The American Revolution was a revolt in the Thirteen British Colonies in North America which lasted from 1765 to 1783. After conflict between Great Britain and its colonies on several issues, most prominently taxation without representation; the American Revolutionary War broke out in 1775. During the war, the Continental Army defeated the British leading to the formation of the United States of America. There were several influential leaders during the course of the American Revolution. Samuel Adams was a key figure in the early phase of the revolution who forcefully opposed taxation and organized protests. Once war broke out, George Washington led the Continental Army and he was supported by many able officers including Nathanael Greene.

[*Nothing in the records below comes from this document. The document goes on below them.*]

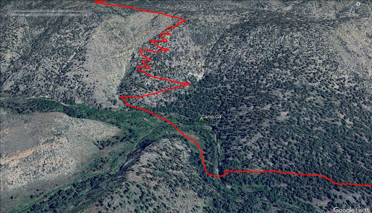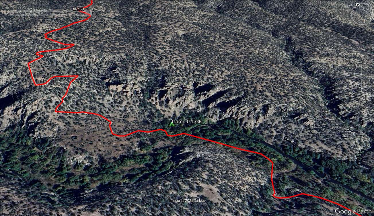 We left camp and backtracked to the Chicken Coop junction, but stayed on the Trotter until we got to the south edge of the mesa 7 miles later. Another mile dropping 1,000 feet on switchbacks and we reached our campsite on White Creek.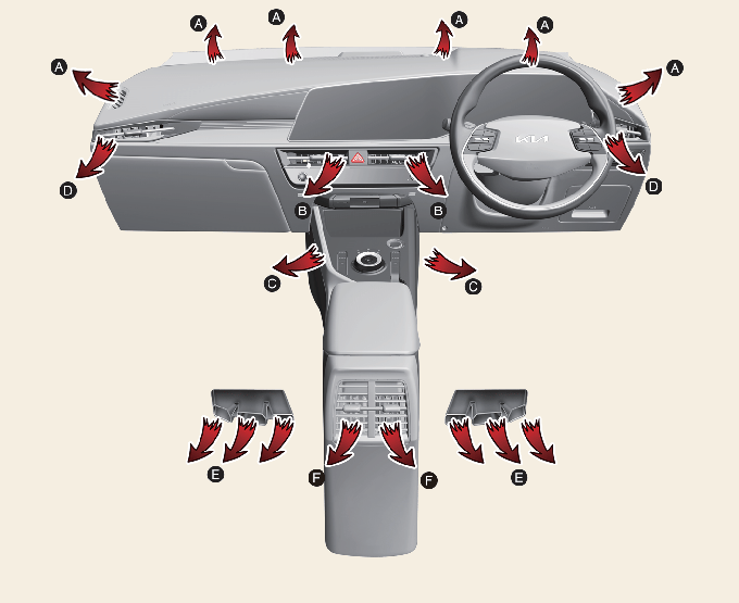 Lielākā gaisa plūsmas daļa tiek virzīta uz grīdu, neliela gaisa plūsmas daļa tiek novirzīta uz priekšējo vējstiklu, sānu logu atkausētājiem un sānu gaisa atverēm. |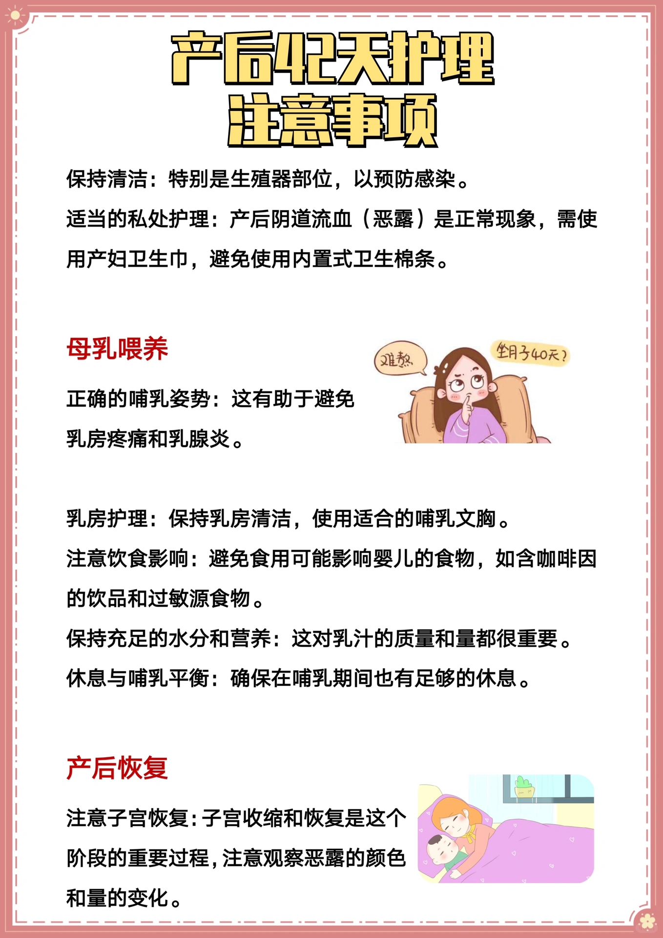 在迎接新生命的同时,新妈妈们也开启了一段特殊的恢复之旅——产后恢复期。俗称“月子”的这42天,对于新妈妈的身体和心理健康至关重要。这段时间不仅是身体机能从怀孕及分娩中恢复的关键时期,也是心理适应和母乳喂养的重要阶段。正确的月子调养对于防止产后并发症、促进身体恢复非常重要,这里总结了从饮食、休息、身体恢复到心理健康的注意事项,每一个细节都可能影响到产后的恢复质量,希望能够帮助到各位新妈妈们~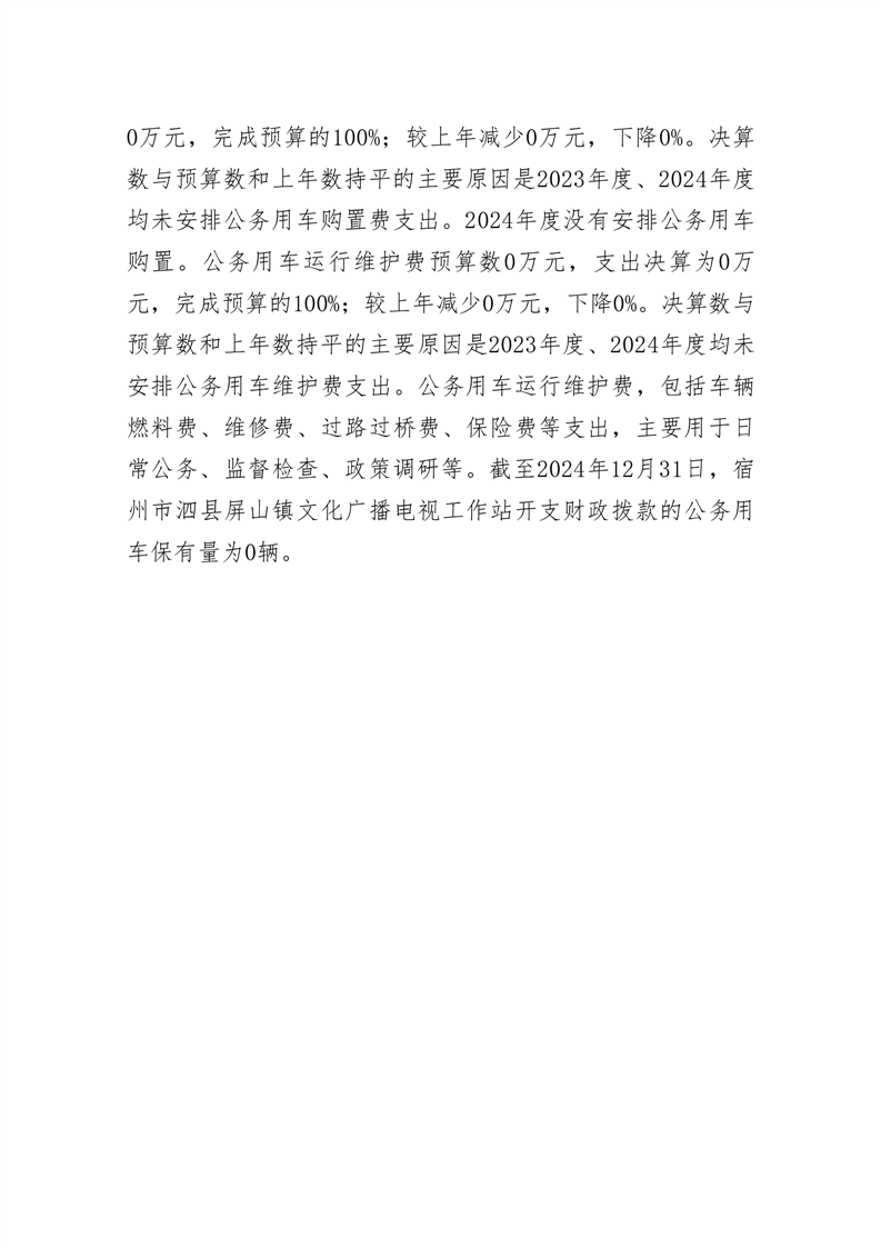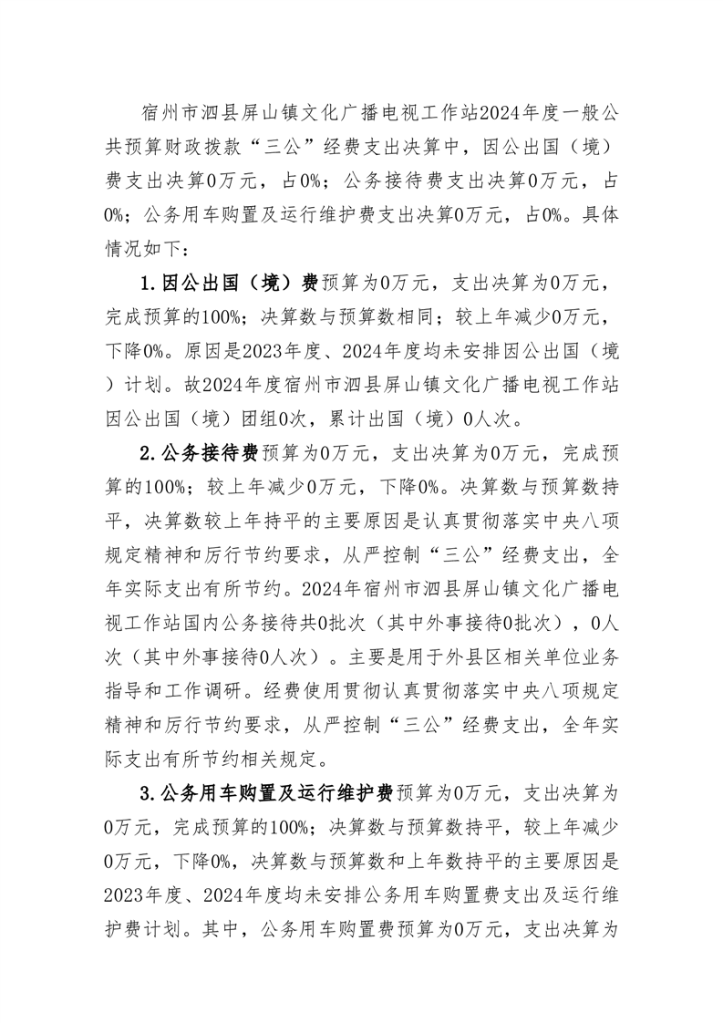 宿州市泗县屏山镇文化广播电视工作站2024年度单位一般公共预算财政拨款“三公”经费决算情况说明

On the British side, Frederick North was the prime minister during most of the revolution. The post of the Commander-in-Chief of the British Army in America was held by four people during the war. The most prominent among these were William Howe and Henry Clinton. Together these two led the British troops through most of the revolutionary war. Here are the 10 major military and political leaders of the American Revolution.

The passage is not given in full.